[What is being asked]
All lines below between the line with "Check in het" and the line with "This bingo card", including both, must be copied exactly, and the pictures must be omitted.

[Exercise inputs]
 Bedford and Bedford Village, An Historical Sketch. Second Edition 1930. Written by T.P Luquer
==
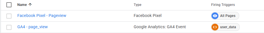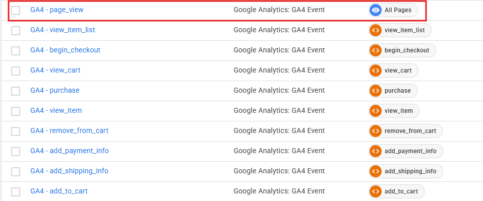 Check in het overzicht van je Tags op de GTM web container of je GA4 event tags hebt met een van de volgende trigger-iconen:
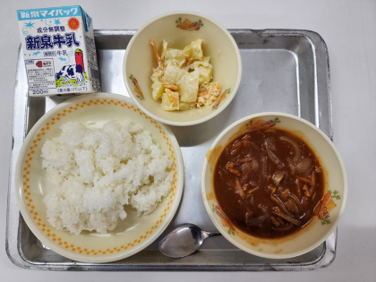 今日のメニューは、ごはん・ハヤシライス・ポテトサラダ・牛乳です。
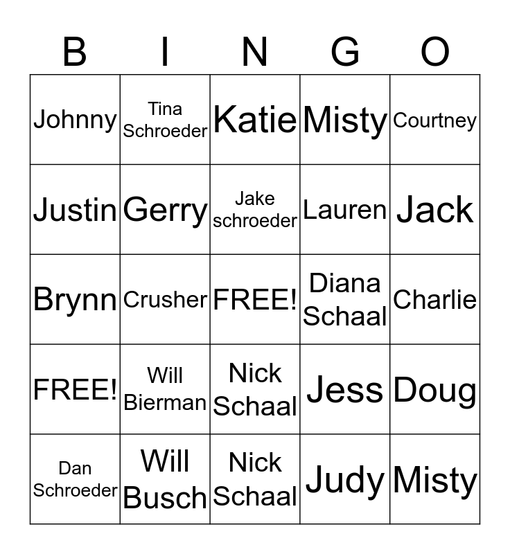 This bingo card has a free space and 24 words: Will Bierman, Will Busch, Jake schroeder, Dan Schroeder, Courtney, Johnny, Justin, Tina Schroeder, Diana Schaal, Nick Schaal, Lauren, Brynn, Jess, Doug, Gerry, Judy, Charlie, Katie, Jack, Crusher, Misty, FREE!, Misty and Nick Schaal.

[Written response]
 Check in het overzicht van je Tags op de GTM web container of je GA4 event tags hebt met een van de volgende trigger-iconen:
 今日のメニューは、ごはん・ハヤシライス・ポテトサラダ・牛乳です。
 This bingo card has a free space and 24 words: Will Bierman, Will Busch, Jake schroeder, Dan Schroeder, Courtney, Johnny, Justin, Tina Schroeder, Diana Schaal, Nick Schaal, Lauren, Brynn, Jess, Doug, Gerry, Judy, Charlie, Katie, Jack, Crusher, Misty, FREE!, Misty and Nick Schaal.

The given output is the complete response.